Add a dynamic star rating to each document. Ideally, users would give direct, concrete feedback to the application by rating search results from “great” to “useless.” Unfortunately, experience shows that users do not spend the extra click (plus a few brain cycles) to give direct feedback, so manual “star rating” schemes generally fail. But, this is an application! Your application can figure out the results documents that are successful against particular search terms (and which are successful independent of the search). See “Track Everything” below.
Cheat! You can program for “best bets.” When writing code, developers have the freedom to make the application work exactly as they want it to. So, if every search result before 9:00 a.m. should begin with “news of the day,” or if you want every e-commerce search to show the day’s specials first, you can do that!

Search developers often spend a lot of time and effort trying to reverse-engineer a search engine and its indexes to get just the result their users want. With a search application, you can break into the user experience at any point and make it do whatever you want.

You can introduce a manual mapping from anything to anything. For example, whenever the user’s search includes the phrase “Citizens United,” you can make “Citizens United v. Federal Election Commission, 558 U.S. 310” the top result, and add a blurb that says “this is the Supreme Court opinion of Jan 21 2010.”

This is very much user-/domain-/role-/task-specific. If the user is a law student researching a case, they probably want to be pointed directly to the court opinion. But, if the user is a reporter writing a piece on a speech that mentions “Citizens United,” the reporter may prefer the wiki page.

The practice of programmatically assigning a best search result to a search, or part of a search, is sometimes known as “best bets.” Adding best bets will improve the quality of results and improve performance (since a best bet is a simple mapping, not a search).

3. Invest in the UI

The results page of a typical search engine is a list of blue links to documents. But, you can do so much better!

It’s important not to skip this step as it’s an opportunity to make full use of the real estate and visual capabilities in the browser, and the contextual information right at your fingertips. You want to give users insights into the area being searched, and tips on where to go next.

After a search, users want to know two things: What are the top results? What does the overall set of results look like?

Information about each result

Users want to see relevant information about each of the top results in order to know which ones to click on to answer a question. If the information about the result is really good, it may answer the question immediately—task complete.

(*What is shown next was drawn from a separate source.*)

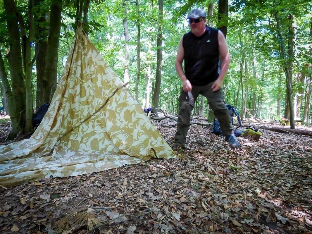 Mann richtet Tarp-Notunterkunft im Wald auf, umgeben von Laub und Bäumen
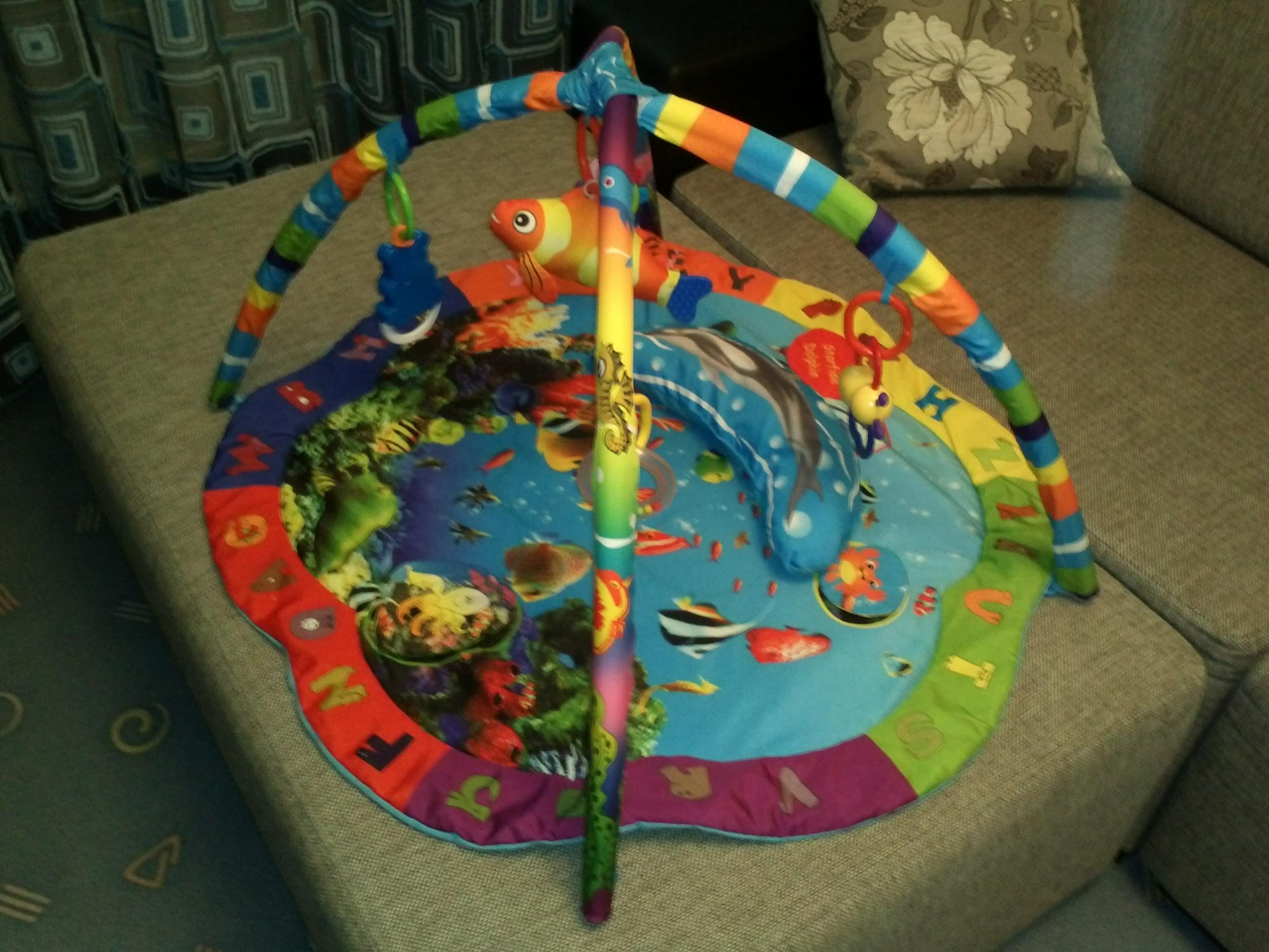 irko, там 5 игрушек (бабочка-погремушка, кольцо-погремушка, мишка-музыкальный, цветок-зеркало, рыбка-погремушка с оттягивающейся веревочкой) и 3 хрустящих лепесточка пришитых на коврике и подушечка Красноармейский, но иногда бываю во всех остальных ---------- Сообщение добавлено 27.05.2012 19:09 ---------- продано

Here are some ways to present information about each result (each document or record that may answer the question posed by the search):

Snippets

Often, results pages show a snippet below each document link—a few lines from the document text, often with search terms highlighted. The purpose of a snippet is to tell users at-a-glance what the document is and what it’s about, so they know whether it’s worth clicking on it.

Here are some ways to make the snippet richer:

Add metadata – If users can see who wrote the document and when, and possibly how long it is, that’s useful information that helps decide if that’s the document they are looking for.
Look for ways to say more – For example, if you know the author is your CTO, or if you know he has co-authored papers with luminaries in my domain, that makes the document stand out. The challenge is pulling in as much context as possible and displaying it (visualizing it) in a way that users can consume quickly and easily.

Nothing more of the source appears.